## What you are asked to do:
The first line of the entries is where the copy starts and the line with "全?動旋拌式節(jié)能?制機(jī)主要?于禽類、??等?制品?制,采? 95-98 °C" is where it ends; set down each line exactly, both ends included, and drop pictures.
Start of Recorded information
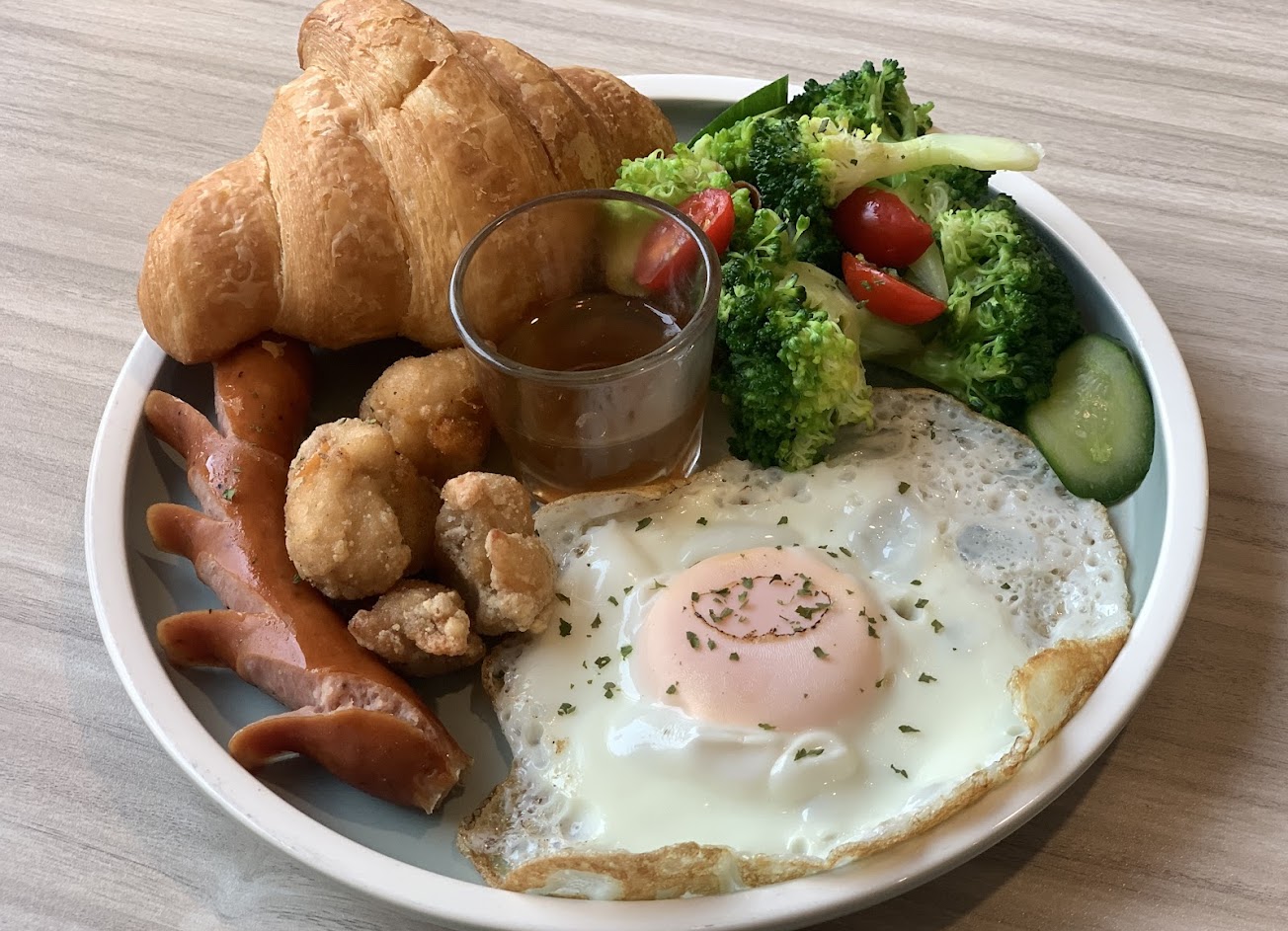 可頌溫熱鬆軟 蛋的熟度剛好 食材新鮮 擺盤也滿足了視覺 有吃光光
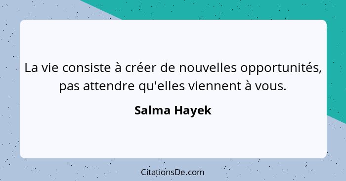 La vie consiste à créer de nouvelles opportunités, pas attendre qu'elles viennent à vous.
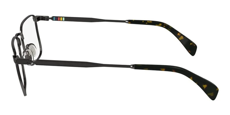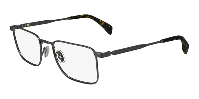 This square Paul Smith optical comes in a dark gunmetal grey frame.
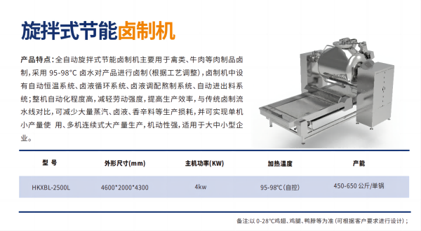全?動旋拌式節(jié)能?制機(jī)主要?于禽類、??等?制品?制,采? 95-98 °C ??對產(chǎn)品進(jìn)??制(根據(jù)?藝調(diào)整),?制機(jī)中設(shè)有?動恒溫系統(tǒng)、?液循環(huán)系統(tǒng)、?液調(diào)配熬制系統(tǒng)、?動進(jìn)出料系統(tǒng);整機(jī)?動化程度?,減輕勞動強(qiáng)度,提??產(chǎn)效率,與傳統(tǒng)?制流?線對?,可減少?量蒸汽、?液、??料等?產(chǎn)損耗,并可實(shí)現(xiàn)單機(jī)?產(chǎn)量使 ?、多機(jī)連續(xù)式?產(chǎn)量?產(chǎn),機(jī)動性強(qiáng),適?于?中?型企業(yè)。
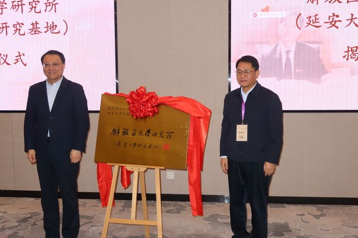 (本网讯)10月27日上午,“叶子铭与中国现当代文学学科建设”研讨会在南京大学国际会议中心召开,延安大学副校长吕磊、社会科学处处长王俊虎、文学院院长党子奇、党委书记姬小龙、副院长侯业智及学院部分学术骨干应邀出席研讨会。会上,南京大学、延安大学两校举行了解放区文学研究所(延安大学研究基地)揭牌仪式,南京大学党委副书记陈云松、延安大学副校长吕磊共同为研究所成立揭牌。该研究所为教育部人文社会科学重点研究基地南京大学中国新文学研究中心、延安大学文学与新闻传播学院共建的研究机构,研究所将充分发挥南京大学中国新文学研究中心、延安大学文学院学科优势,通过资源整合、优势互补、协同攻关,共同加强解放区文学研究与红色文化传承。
End of Recorded information
## Answer space:
 可頌溫熱鬆軟 蛋的熟度剛好 食材新鮮 擺盤也滿足了視覺 有吃光光
 La vie consiste à créer de nouvelles opportunités, pas attendre qu'elles viennent à vous.
 This square Paul Smith optical comes in a dark gunmetal grey frame.
全?動旋拌式節(jié)能?制機(jī)主要?于禽類、??等?制品?制,采? 95-98 °C ??對產(chǎn)品進(jìn)??制(根據(jù)?藝調(diào)整),?制機(jī)中設(shè)有?動恒溫系統(tǒng)、?液循環(huán)系統(tǒng)、?液調(diào)配熬制系統(tǒng)、?動進(jìn)出料系統(tǒng);整機(jī)?動化程度?,減輕勞動強(qiáng)度,提??產(chǎn)效率,與傳統(tǒng)?制流?線對?,可減少?量蒸汽、?液、??料等?產(chǎn)損耗,并可實(shí)現(xiàn)單機(jī)?產(chǎn)量使 ?、多機(jī)連續(xù)式?產(chǎn)量?產(chǎn),機(jī)動性強(qiáng),適?于?中?型企業(yè)。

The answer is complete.